[SOLVED] Creating cluster, migration fails due to ssh errors

NewDude

Well-Known Member
Feb 24, 2018
72
6
48
Basically what the title says. When I try and migrate a test VM from the original node to the new one I get a status box with no content, and when I choose stop I get this:

2025-06-24 16:40:26 ERROR: migration aborted (duration 00:00:22): Can't connect to destination address using public key
TASK ERROR: migration aborted

Is it a reasonable approach to simply unjoin the new node from the cluster, and re-join? Or does it make more sense to try and resolve this manually?
 
I preformed some of the steps in this thread on a similar topic.

Basically, this:

Code:
log into pve1

cd .ssh
mv id_rsa id_rsa.old
mv id_rsa.pub id_rsa.pub.old
mv config config.old

log into pve2

cd .ssh
mv id_rsa id_rsa.old
mv id_rsa.pub id_rsa.pub.old
mv config config.old
pvecm updatecerts

back into pve1
pvecm updatecerts

Afterward if I changed the network for migrations from my 10G link to my 1G link migrations work.

When I checked updates on the original node I recognized what might have been the problem:

1750804265088.png

So those files were updated after the initial tweaks to certs. I'll retry the same process of creating ssh keys and running pvecm updatecerts on each node and see if that works.
 
Last edited:
No joy. Went through recreating the certs again, and running pvm updatecerts on both machines and it is still in a state where it will migrate using the slower network, but not the faster network.

When I try I get


> 2025-06-24 19:47:38 # /usr/bin/ssh -e none -o 'BatchMode=yes' -o 'HostKeyAlias=pve' -o 'UserKnownHostsFile=/etc/pve/nodes/pve/ssh_known_hosts' -o 'GlobalKnownHostsFile=none' root@10Gnet/bin/true
> 2025-06-24 19:47:38 ERROR: migration aborted (duration 00:00:03): Can't connect to destination address using public key

So it works, but not the way I'd like.

Additional information:

Both interfaces are set up redundantly, so there's a bond, and the bridge sits on top of that bridge.

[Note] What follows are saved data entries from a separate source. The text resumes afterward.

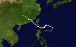 Carmen formed on September 9 north-northeast of the Philippines. It slowly moved north and the west over the course of three days, until it strengthened to a tropical storm. Carmen headed south briefly before heading east-northeast, when it began to strengthen even more. Carmen reached winds of 125 mph and a pressure of 960 mbar. But shortly thereafter, the strengthening stopped, and it slowly weakened. On September 15, Carmen made landfall in southern China and dissipated the following day.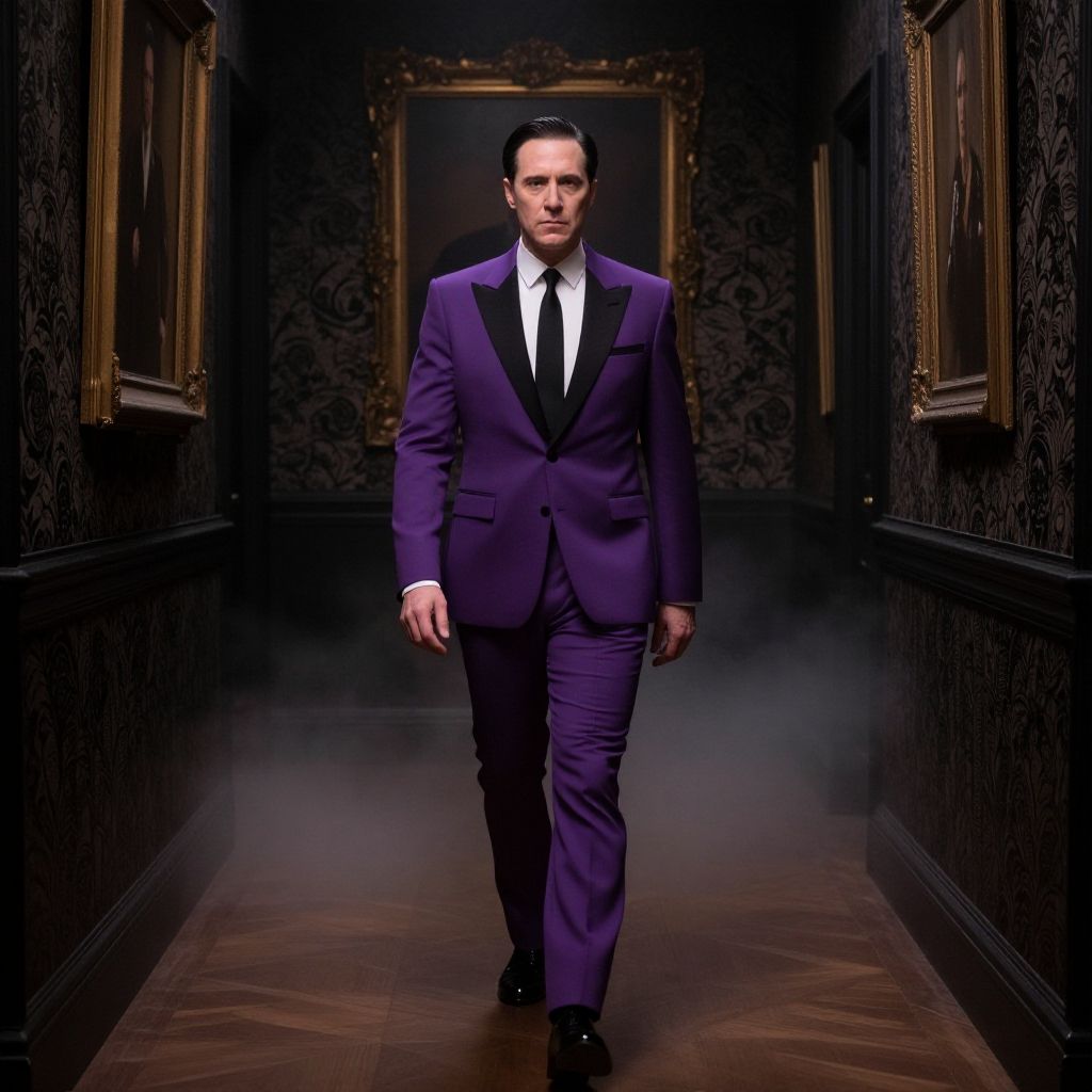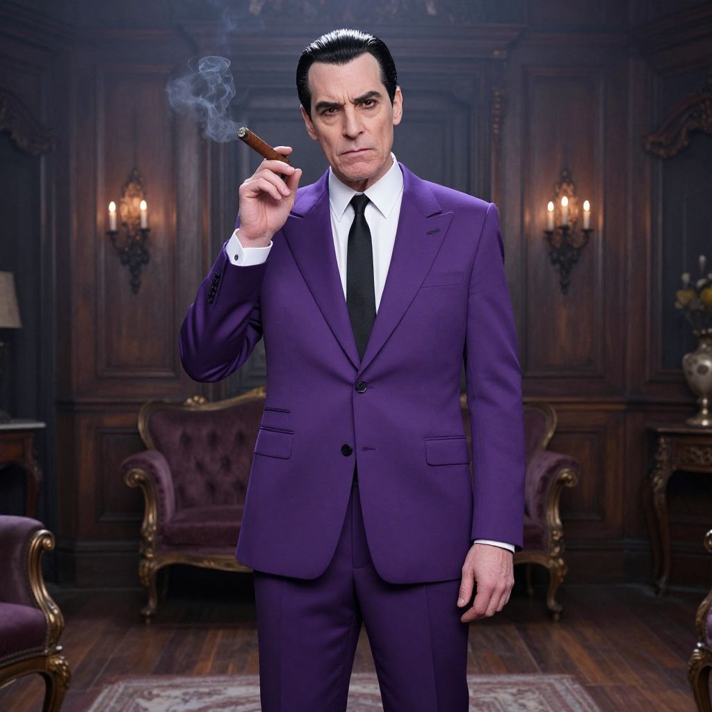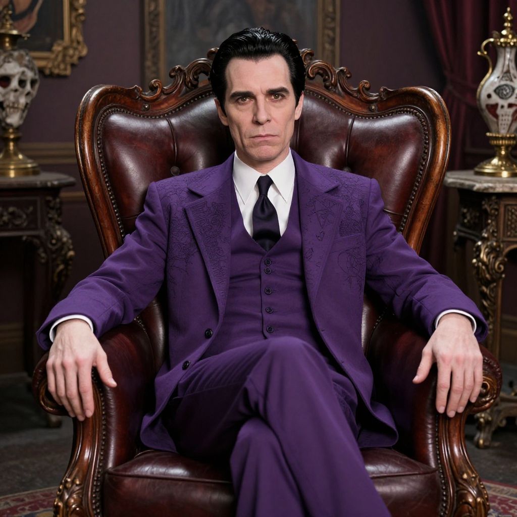 Gomez Addams purple suit, dramatic portrait of a man in an eye-catching purple suit with subtle gothic motifs, seated in an ornate leather armchair, surrounded by creepy vintage artifacts, moody lighting, baroque details emphasizing his charisma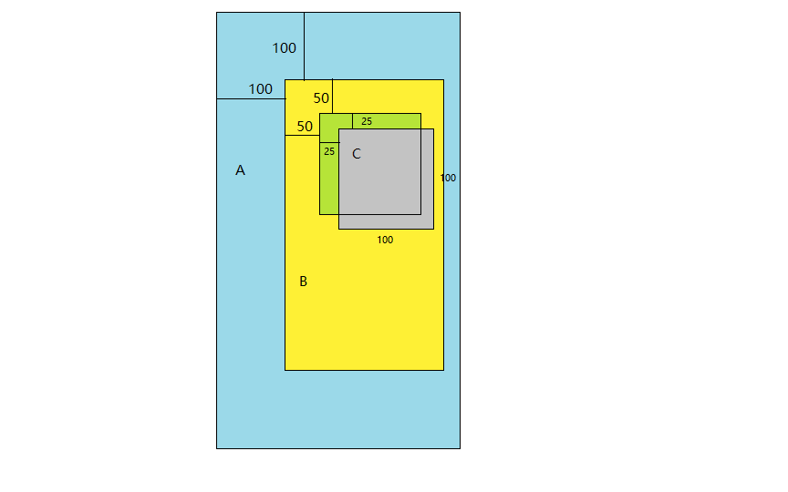 我们举个例子来说明这个方法,假设图中A代表屏幕,B为一个ViewGroup,左上角在A中的坐标为(100, 100),C长宽均为100,是B的child view,左上角在B中的坐标是(50, 50),同时C设置了transaltion,x、y均偏移25也就是图中灰色的区域(绿色区域为C的真实位置)。C的transformMatrixToGlobal方法中首先获取到Parent也就是B的Matrix,得到的是x、y偏移100的矩阵
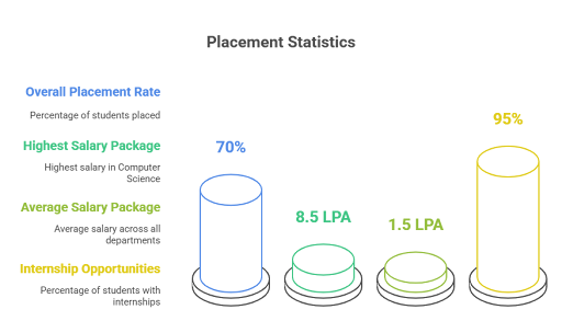 | Placement Rate | Approximately 70% | Varies by department; up to 100% in Mechanical and Electrical Engineering |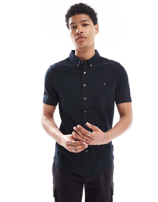 French Connection short sleeve pique button through polo in navy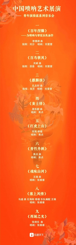 首演作品:《塞上风情》(唢呐版)马迪、《西域之光》(唢呐版)张诗乐、《魂咏山河》王瑞、唢呐与交响乐队协奏曲《光锥内外》史付红、《山野情》(中国首演)李恒。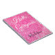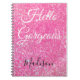 Un purpurina rosado brillante y personalizado brillan Hola magnífico cuaderno con una elegante escritura blanca.
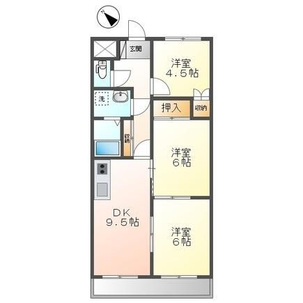 築年月 2000年4月  間取り 3DK( DK9.5畳/洋室6畳/洋室6畳/洋室4.5畳 ) 専有面積 58.32m2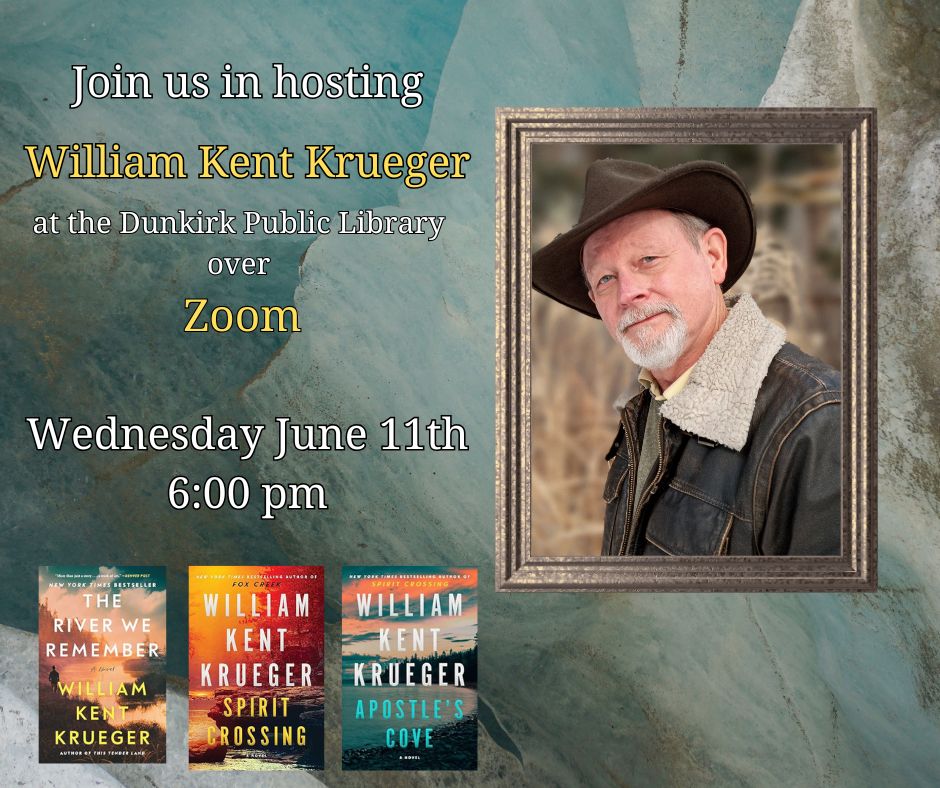 Join us Next Wednesday at 6:00 pm with author William Kent Krueger over Zoom!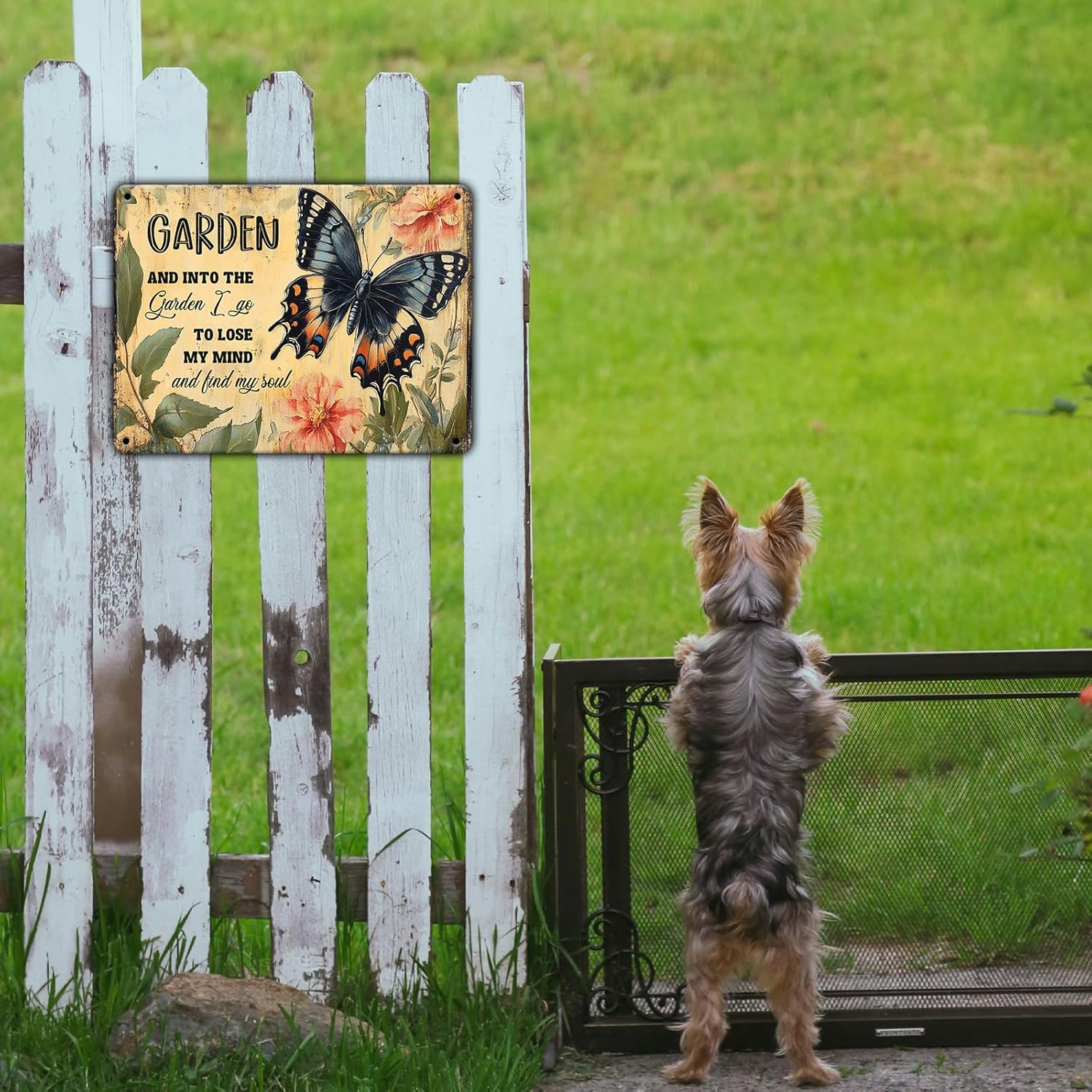 Funny Garden Metal Sign And Into The Garden I Go To Lose My Mind and Find My Soul Butterfly Poster for Farmhouse Home Kitchen 12x16 Inch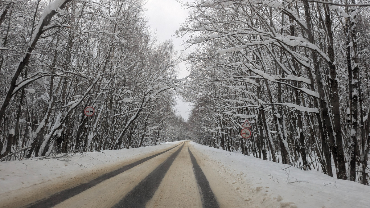 Трасса почищена, а как съехали на местную дорогу, то совсем другая картина. Дорога вся в снегу, ехали аккуратно.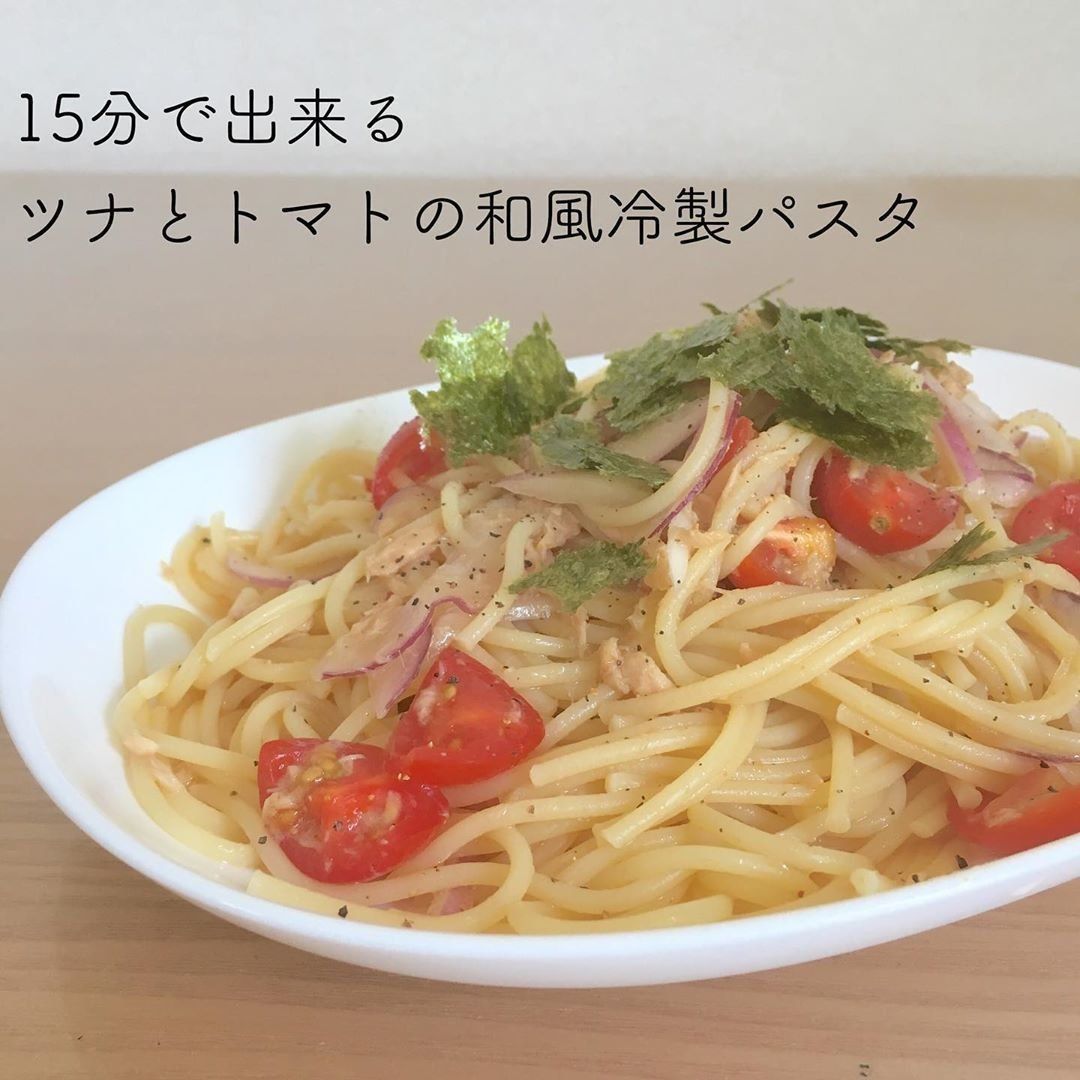 インスタ映えする時短パスタのレシピを紹介してくれたのは、mariruri.fp3さんです。ゆでパスタを水でしめ、トマト、ツナ缶、麺つゆ、オリーブオイル、白すりごまと和えるだけ。最後に黒こしょうと海苔をのせれば完成です。時短を重視するなら、細めのパスタを使うのがオススメ。新玉ねぎや赤玉ねぎを使えば、水にさらす手間も省けますね。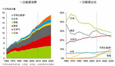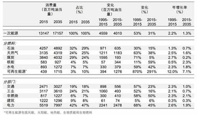 BP的基本判断是,2015至2035年,全球能源需求预期增长30%左右,年均增长1.3%。这一增速明显低于全球GDP年均3.4%的预期增长速度。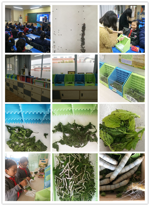 为了让孩子们能够科学合理地孵化、喂养蚕宝宝,义工妈妈一起上网购买了蚕宝宝别墅,制作了蚕宝宝知识小报,到班级给孩子们举办养蚕讲座。在义工妈妈的协助下,全班同学被分成了六个养蚕小组,组长负责把蚕卵带回家孵化。每组负责一个蚕别墅,把已经孵化出来的蚁蚕分到六个别墅里,由小组成员轮流负责照顾。每天带新鲜的桑叶,擦干桑叶上的露水,剪成细丝,再喂给蚕宝宝吃,还要定期到给蚕宝宝更换蚕沙。

And when I configured the cluster, instead of just indicating the management bond as the cluster management interface, I went ahead and threw the 10G interface in there as a backup as well.

Maybe that additional bit of complexity screwed something up.
 
Last edited:
Resolved this - the MTU setting of 9000 on the 10G link was causing ssh to time out.